We find that hurricane-induced power outage risk under climate change is predominantly driven by the uncertainty in future frequency of hurricanes. Precisely, uncertainty in future projections of the frequency of hurricanes explains over 95% of the total uncertainty in future outage projections. We also show that the expected annual fraction of customers affected by power outage exhibit rather large variances. Given the multi-decadal timescales of power infrastructure planning, this wide range of possible future outcomes highlights the urgent need for a more robust approach for setting and enforcing reliability standards toward effective management of the power system under climate change.

Projected outage risk

To characterize long-term power outage risk, we first create a baseline scenario to represent present-day hurricane impacts on power distribution systems. The baseline scenario is generated by simulating 2000 years of storm-induced outages, using historical data and a validated outage forecast model13. To examine impacts under climate change then, our model takes as input three factors that define changes in hurricane activity and whose distributions are provided in a recent synthesis work20: the overall frequency factor, \(f_{fre}\), the frequency factor for intense storms, \(f^{sev}_{fre}\), and the intensity factor, \(f_{int}\). Distinguishing between overall vs. intense storm frequency allows for shifts within the distribution toward higher-intensity storms. These factors represent fractional increases or decreases in their respective components in a future climate state. They are set to one under the baseline scenario and take uncertain values according to climate change projections. Their distributions may be directly estimated from the projections of hurricane activity under climate change. Here, we fit parameterized distributions to the data from the latest synthesis of physics-based climate change projections by Knutson et al.20 (see “Methods” for details). We then leverage an efficient methodology for stochastic computations59 to propagate the uncertainty in hurricane activity through the outage forecast model to evaluate future power outage risk and its range of uncertainties. Finally, we leverage global sensitivity analysis44 to investigate whether the uncertainty in long-term power outage risk is driven primarily by the uncertainty in future intensity or frequency (“Methods”). Our proposed framework is computationally efficient, and it offers a simple and transparent way for quantitative attribution of infrastructure impact risk to key parameters governing changes in hurricane activity. These key advantages render the framework ideal for decision-support tools under climate change and provide a path for integrating climate knowledge within infrastructure impact models to better inform planners, regulators, and policymakers.

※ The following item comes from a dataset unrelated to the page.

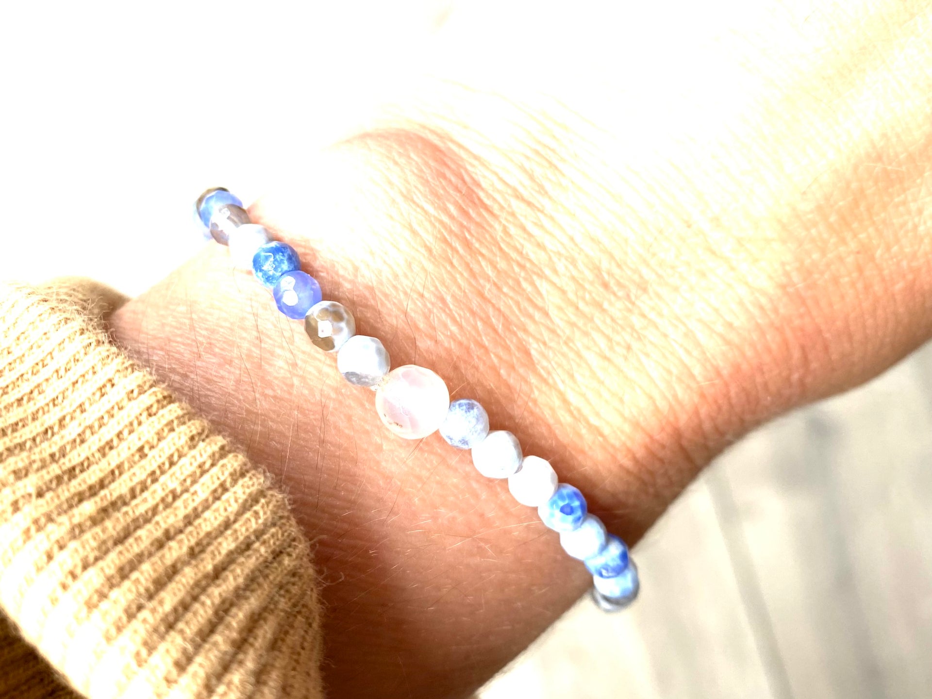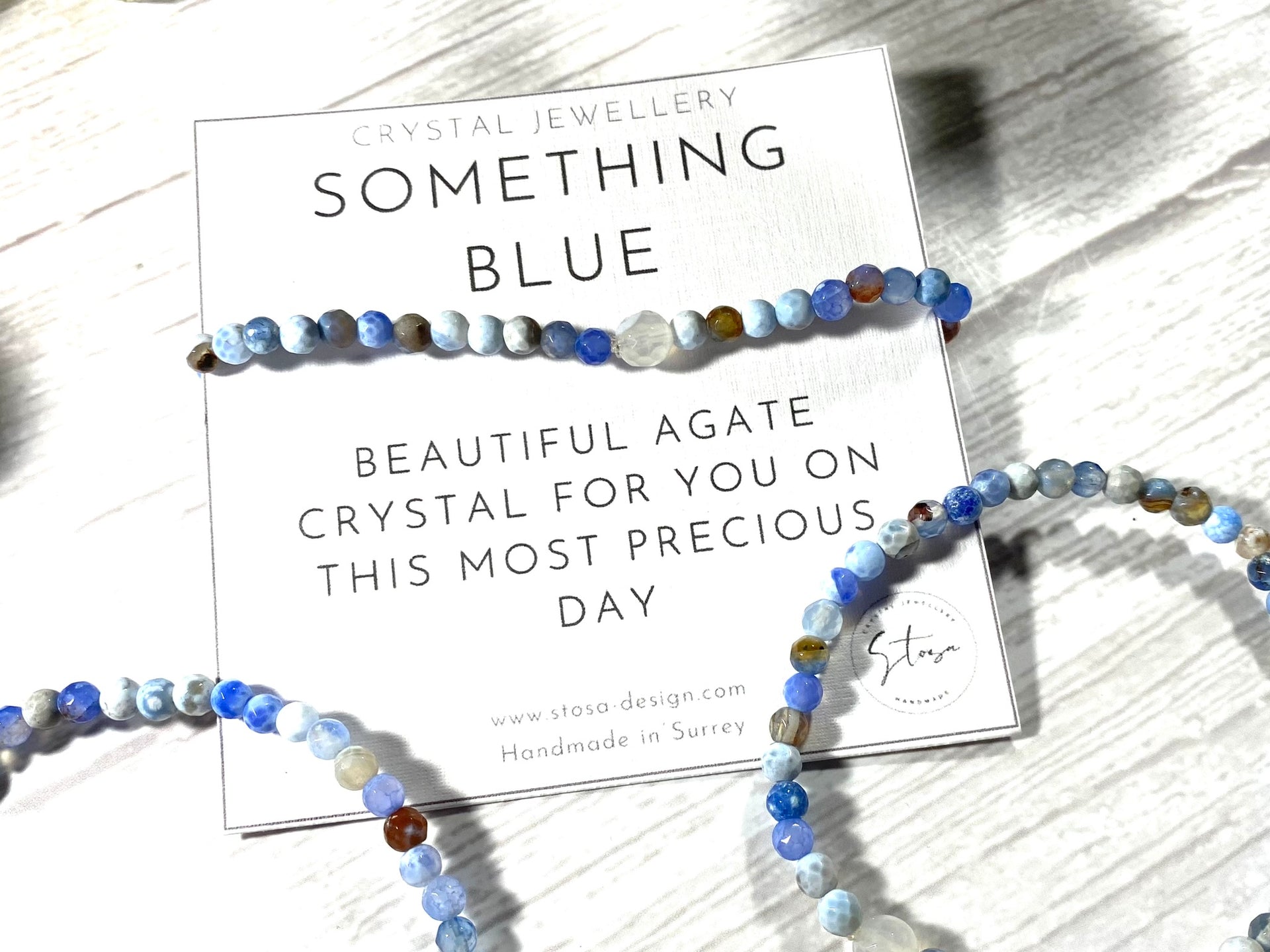 The perfect 'something blue' for the bride on their wedding day, this slim and dainty bracelet has been handmade in the UK with small 4mm cornflower Agate crystal beads, and highlighted with one slightly bigger transparent Jade bead.

To simulate the 2,000 years of storm-induced power outages under the baseline scenario, the frequency and intensity of hurricanes are sampled from historical distributions; i.e., the dashed line distributions in Fig. 1a,b. Landfall location is drawn from the historical record aggregated to 50km stretches of the coastline as shown by the circles in Fig. 1c. Hurricane tracks and wind fields (see thick black line with the gray band in Fig. 1c) are also modeled using historical data and then fed to a validated power outage forecast model13,47 (““Methods”) to estimate the outage risk in terms of the fraction of the population that loses power in each simulated storm (colored map in Fig. 1c). The fractions are finally aggregated across four distinct regions: the Gulf, upper Atlantic, lower Atlantic and Florida. Figure 2 depicts the distributions of the yearly fractions of customers affected by power outage in these four US regions for the baseline scenario. Based on these distributions, we calculate baseline statistics critical for decision making: the expected value, \(\bar{F}\), and the 95th percentile, \(F_{95}\), (see Supplementary Information for the latter) of the yearly fraction of affected population.

Figure 1
figure 1

The schematic of the key sources of uncertainty in hurricane activity (a,b) and a typical outage map (inset) for a given simulated hurricane in the region under study (c). The intensity (a) and frequency (b) of landfalling hurricanes is perturbed from the baseline (dotted line) scenario in line with climate change projections to create future (solid line) scenarios. These scenarios simulate climate-perturbed distributions of tropical cyclone intensity and frequency which are used to simulate storm landfall along the Gulf and Atlantic coasts of the US (c). Note the distributions in (a,b) and the outage map depicted in the inset in (c) do not depict actual values. Plots a-b were created in R (v 3.2.1; https://www.r-project.org/)40 using the ggplot2 (v 3.3.0; https://ggplot2.tidyverse.org/)57. Plot (c) was created in R (v 3.2.1; https://www.r-project.org/)40 using the packages ggplot2 (v 3.3.0; https://ggplot2.tidyverse.org/)57 and usmap (v 0.5.0; https://github.com/pdil/usmap)8. Map shapefiles were from usmap and the US Census Bureau51.

Figure 2
figure 2

Distributions of the yearly fractions of customers without power in each coastal region under baseline scenario. Plots (ad) were created in MATLAB R2016a.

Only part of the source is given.